Belgian artist Delphine Boël’s claim that Albert II, the former King of Belgium, is her father will be settled by a DNA test, a court has ruled. Since 1999, the 50-year-old sculptor and painter has claimed that her mother, Baroness Sybille de Selys Longchamps, had an affair with the 84-year-old king.
But Albert II has remained silent on the subject. When he was king, he was immune from legal prosecution and could not be ordered to undergo a DNA test. When he abdicated in 2013 due to poor health, he allegedly offered to write a letter acknowledging Boël’s parentage, but insisted that it remained sealed until his death.
But Boël rejected the offer and is pushing forward in her quest to be legally recognized as the king’s daughter. “It was too vague and without any real guarantee for the future or resolution of the problems she faced in her life. It wouldn’t have solved anything,” Marc Uyttendaele, Boël’s lawyer, told local radio station RTBF, as translated by the London Times, adding that Boël had been emotionally scarred by the king’s public denial of her.

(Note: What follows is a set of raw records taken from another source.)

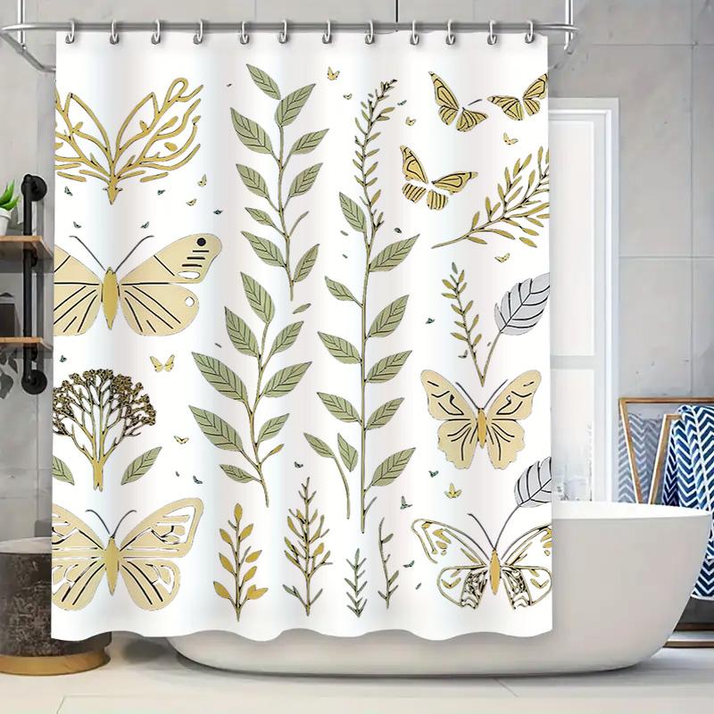 Delightful Floral Butterflies Shower Curtain 180 x 243cm Waterproof Home Decor for Bathrooms in Gold White Color Scheme Modern B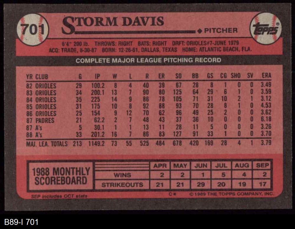 1989 Topps #701 Storm Davis 8 - NM/MT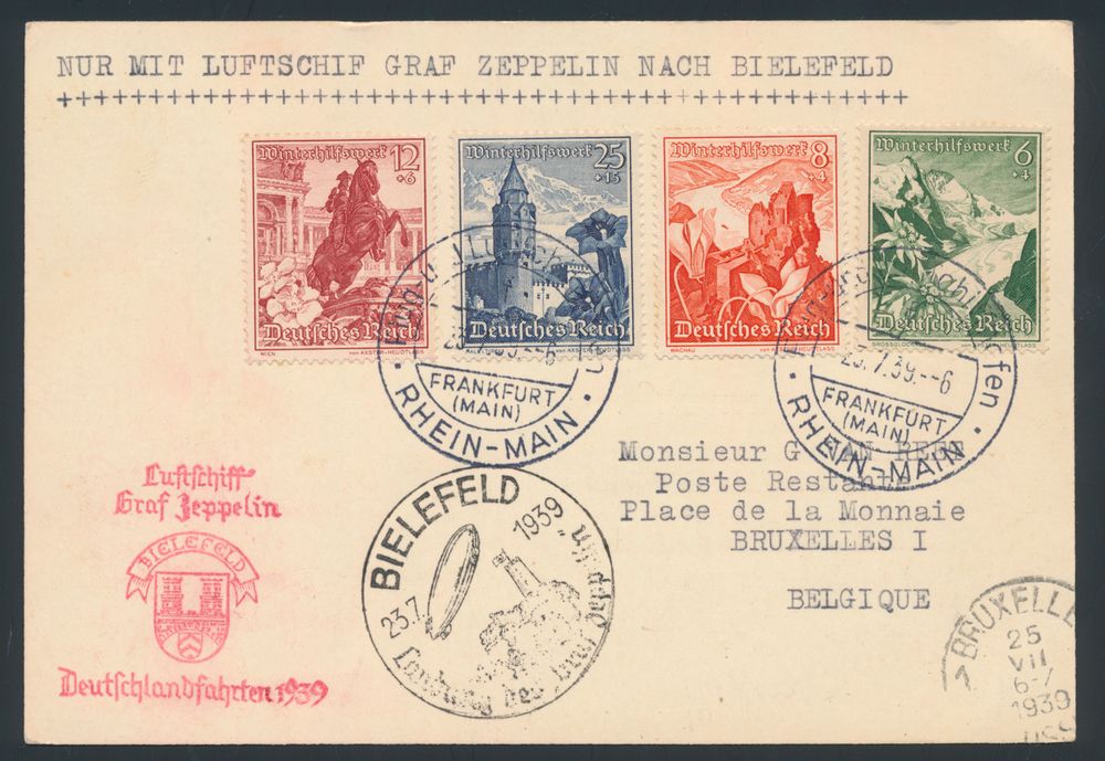 4637 image1939 Germany, Yv. 619, 620, 621 and 623, on card, "Nur mit Luftschip graf Zeppelin nach Bielefield", cancelled "Rhein-Main Flug- und Luftschiffhaven", dated 23 7 1939, to Bruxelles. Nice cancellation "Bielefeld zeppelin post", vf.(Image 1) (Image 2)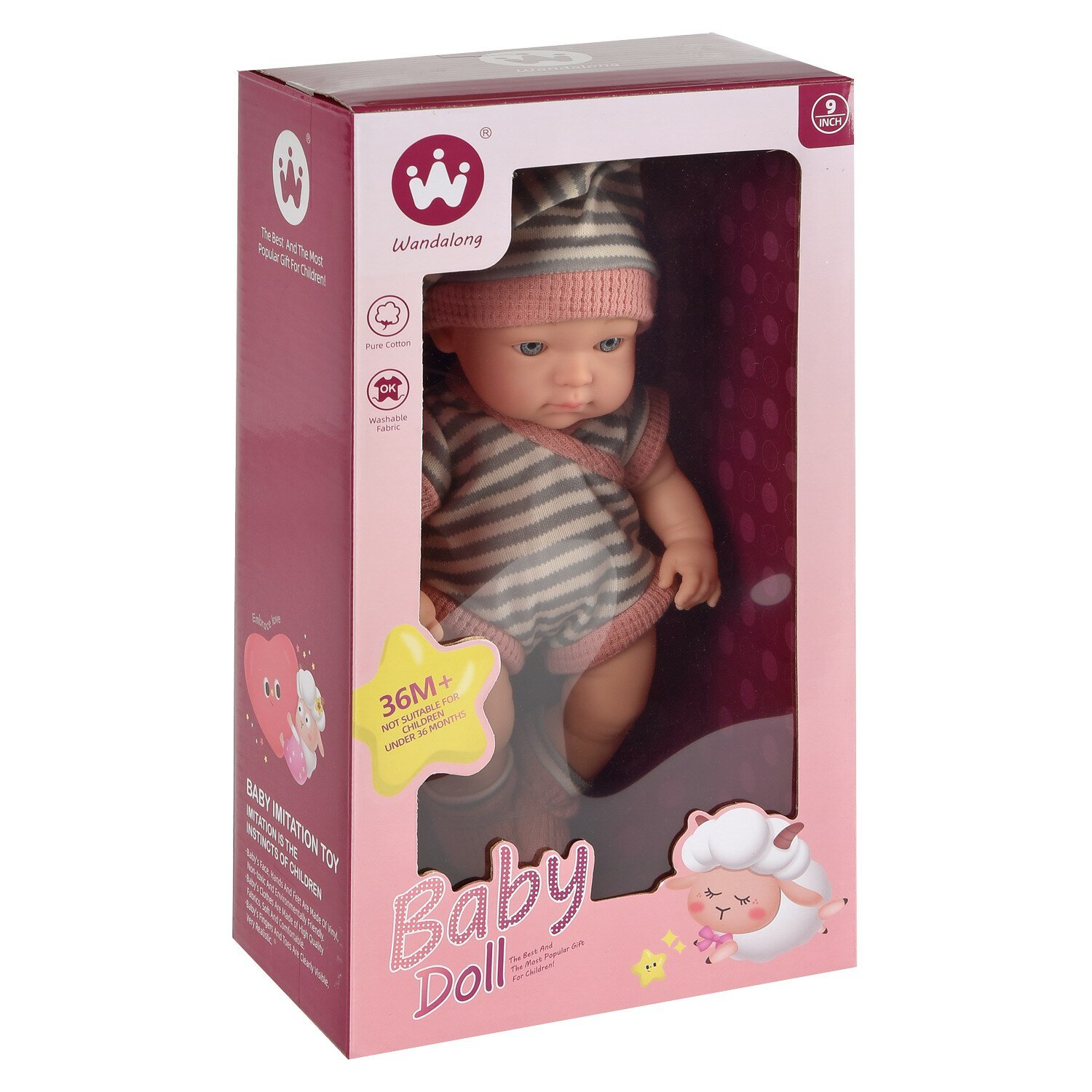 Пупс Junfa 23 см в полосатых боди, носочках, шапочке-колпаке WJ-36435 интересное:

Last week, a Belgian court gave the former monarch three months to submit a DNA sample for testing.
The existence of a possible royal love child was revealed in an unauthorized 1999 biography of the king’s wife, Queen Paola. That year, the king seemingly acknowledged the matter in his Christmas speech, making reference to a “crisis” in their marriage. The affair between Albert II and de Selys Longchamps is said to have lasted between 1966 and 1984.
A low-ranking member of the Belgian nobility in her own right, Boël had a solo exhibition “NEVER GIVE UP,” at the Museum of Ixelles, Brussels, in 2017.